The lawsuit, filed in Los Angeles Superior Court on behalf of an unnamed Jane Doe born in 1979, outlines her lifetime of alleged suffering in Scientology, where she was subjected as a child at the Clearwater, Fla., headquarters to abuse inherent to auditing, Scientology’s spiritual counselling that can more resemble interrogation. It states she joined the church’s clergy-like Sea Org in California at 15, where people worked 100 hours a week for US$46. She was at times held against her will. When she officially left Scientology in 2017, Doe was followed by private investigators and terrorized by the church as it published “a hate website” falsely stating she was an alcoholic dismissed from the sect for promiscuity, according to the complaint.

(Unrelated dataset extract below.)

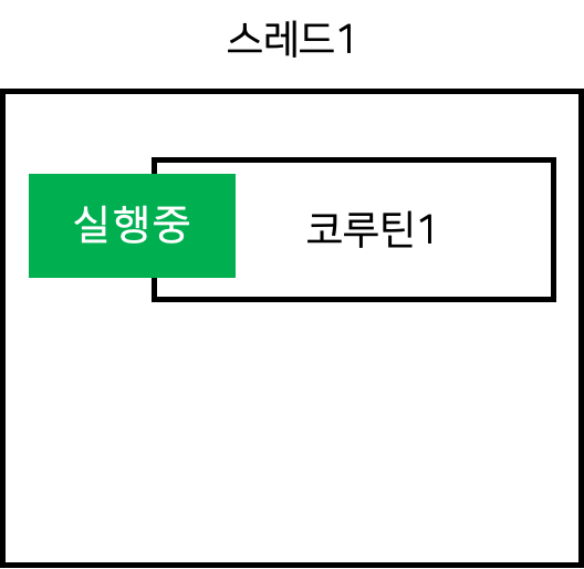 하나의 스레드에서 여러 코루틴이 서로 스레드를 양보해가며 실행될 수 있다.

“This isn’t going to be the last of the lawsuits being filed,” Philadelphia-based lawyer Brian Kent told the Tampa Bay Times, declining to say how many more are forthcoming. “We’ve seen what can happen when there is truth exposed in terms of child abuse within organizations. You’ve seen it with the Catholic Church, you’re seeing it with the Southern Baptist Convention now. We’re hoping for meaningful change.”
The legal team is made up of lawyers from Laffey, Bucci & Kent LLP and Soloff & Zervanos PC of Philadelphia; Thompson Law Offices in California; and Child USA, a Philadelphia-based non-profit dedicated to preventing child abuse. Scientology spokespeople Ben Shaw and Karin Pouw did not respond to an email or phone calls for comment.